Swift Generic Type Inference

Question

So I was wondering if any one could explain the rational behind this error or an explanation of what I am doing wrong.

I am trying to create a generic function which takes a protocol constrained type which has a static method on it called solve.

But for some reason even though it resolves the constraint fine in Xcode the compiler throws a hissy.

Is there any reason it shouldn't be able to infer a type which I am already specifying or is there a naive error in my code sample?

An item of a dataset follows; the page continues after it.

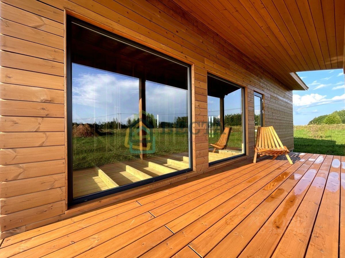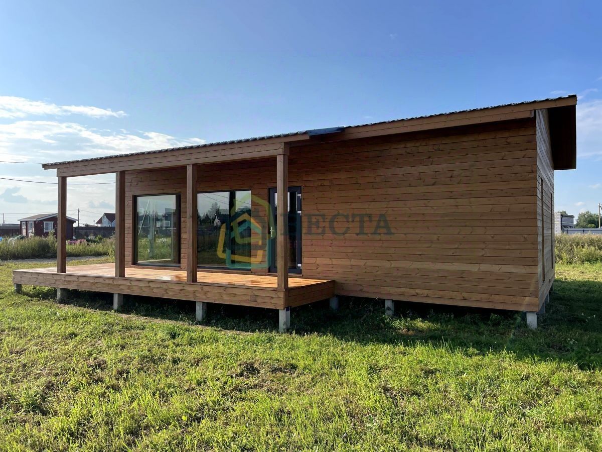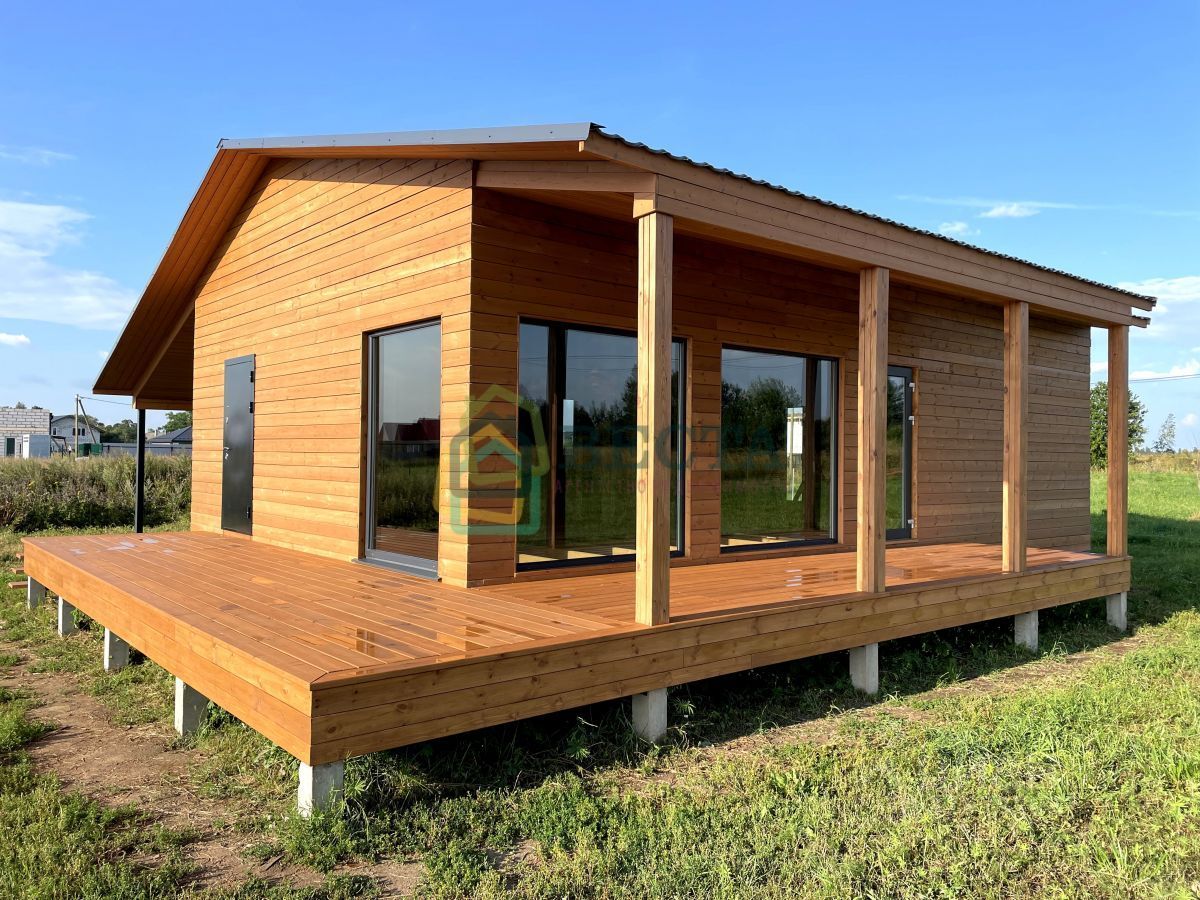 + внешняя отделка - имитация бруса + две спальни и просторная кухня-гостиная с окнами в пол + совмещенный санузел + фундамент - железобетонные сваи + высокие потолки + просторная терраса + навес для зоны барбекю или автомобиля + соседи только с одной стороны

Edit: As it wasnt explicit enough

I know how to work around it, I was just curious for an explanation of why static members in interfaces/ protocols are problematic.

protocol NodeSolver {
    static func solve(_ nodes: [Node]) -> [Node]
}

func findPath<T: NodeSolver>(nodes: [Node]) -> [Node]  {        
        return T.solve(nodes)
    }

Answer 1

Since it seems you want findPath to be a method strongly connected to the type that conforms to NodeSolver, but wont use any instance of this concrete NodeSolver type in the findPath method itself, you might want to consider simply adding the general findPath method as a type method available by a default implementation for all types conforming to NodeSolver.

E.g.:

struct Node {}

protocol NodeSolver {
    static func solve(_ nodes: [Node]) -> [Node]
    static func findPath(nodes: [Node]) -> [Node]
}

extension NodeSolver {
    static func findPath(nodes: [Node]) -> [Node]  {
        // hopefully some more logic ...
        return Self.solve(nodes)
    }
}

struct MyNodeSolver: NodeSolver {
    // dummy solver
    static func solve(_ nodes: [Node]) -> [Node] {
        return nodes
    }
}

let myNodes = [Node(), Node()]

// make use of the default implementation of `findPath` available
// to all types conforming to 'NodeSolver': this method itself
// make use of the concrete type-specific implementation of 'solve'
// in the types conforming to 'NodeSolver'.
let dummyPath = MyNodeSolver.findPath(nodes: myNodes)

---

I am handing a constrained type in the protocol I am specifying. And the actual type in the method call.

findPath<NodeSolver1>(nodes)
findPath<NodeSolver2>(nodes)

Another workaround, possible closer to what you're trying to achieve, is to wrap the generic function into a generic type (say, struct) which holds a non-generic function findPath w.r.t. concrete versions of the generic type. If viewing the wrapped findPath from a viewpoint external to the owning type, the functions is generic w.r.t. the generic typeholder of the owning type.

E.g.:

struct Node {}

protocol NodeSolver {
    static func solve(_ nodes: [Node]) -> [Node]
}

struct NodeSolverA: NodeSolver {
    static func solve(_ nodes: [Node]) -> [Node] {
        return nodes
    }
}

struct NodeSolverB: NodeSolver {
    static func solve(_ nodes: [Node]) -> [Node] {
        return nodes.reversed()
    }
}

// instead of a generic function, wrap a concrete function
// in a generic type
struct AnyNodeSolver<T: NodeSolver> {
    static func findPath(nodes: [Node]) -> [Node]  {
        return T.solve(nodes)
    }
}

let myNodes = [Node(), Node()]

let dummyPathA = AnyNodeSolver<NodeSolverA>.findPath(nodes: myNodes)
let dummyPathB = AnyNodeSolver<NodeSolverB>.findPath(nodes: myNodes)